Venture out to Brooklyn, where I live, taking any one of several subways to the Barclays Center stop. From there, you can walk just a mile down Fourth Avenue and hit a slew of brilliant beer bars, like the Fourth Avenue Pub, Pacific Standard, Mission Dolores, and The Owl Farm. You can likewise visit Threes Brewing, one of the finest brewpubs on the East Coast. Walk another 10 minutes west and you'll find Other Half, where innumerable geeks line up Saturday mornings to nab canned IPAs like All Green Everything.
Up in Williamsburg sits Brooklyn Brewery, the old dog of New York beer, helmed by Garrett Oliver, one of the country's foremost beer experts. Nearby is Tørst, perhaps the best beer bar in the country, and Luksus, the world's only Michelin-starred beer restaurant. Jeppe Jarnit-Bjergsø, who owns those two joints along with nomadic brewery Evil Twin, chose to leave Europe in 2012 and move to Brooklyn to set up shop: "I was sitting in Denmark, doing my thing," he told Edible Brooklyn, "and just thought, 'Why not live where it's actually happening?'"

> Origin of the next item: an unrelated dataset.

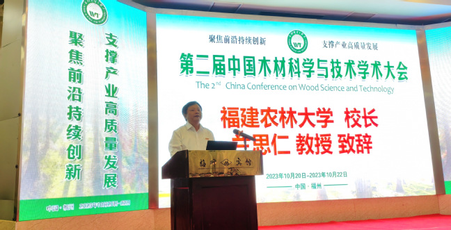 10月20-22日,由中国林学会生物质材料科学分会、中国林学会木材工业分会、中国林学会木材科学分会、开云网页版主办,开云网页版材料工程学院承办,金牌厨柜家居科技股份有限公司等协办的“第二届中国木材科学与技术学术大会”在福州市召开。本次大会主题为“聚焦前沿持续创新,支撑产业高质量发展”。会议共吸引了来自全国60余家高等院校、科研院所、企业的专家学者、嘉宾代表、青年学生参会,参会人数达到700余人,其中教授级职称专家120余人。

It's certainly happening, not just in Manhattan, or Brooklyn—which has a new bar, Cardiff Giant, devoted exclusively to New York beer—but in Queens, too. This oft-ignored borough, with top-notch breweries like SingleCut and Finback, and bars like Alewife and Astoria Bier and Cheese, has a better beer scene by itself than many of America's so-called top beer cities. Thus, in Manhattan, Brooklyn, and Queens, you're essentially getting three great beer cities wrapped into this one behemoth.
This isn't just my opinion; it's a lot of people's. Draft—a Phoenix outfit, so don't scream, "East Coast bias!"—lists 10 New York spots on its 100 best beer bars list (Portland and Philadelphia are tied for the second most, with six each). Plus, RateBeer has New York with an amazing 24 drinking establishments scoring in the 90th percentile or higher. (Portland has 14 and Philadelphia just 11, while Brooklyn has nine by itself.) The sheer number of stellar beer joints in New York is truly overwhelming. How to choose?
Which is the final reason New York is the best beer city in America—you don't have to choose.
Here, you can actually beer-hop quite easily, and drink your face off quite handily. Try hitting most of San Diego's top beer locales in a single day—you'll have a DUI by mid-afternoon, or several hundred bucks in Uber charges by morning.
But in New York City?
You can always have one more beer. And that's why it's America's greatest beer city.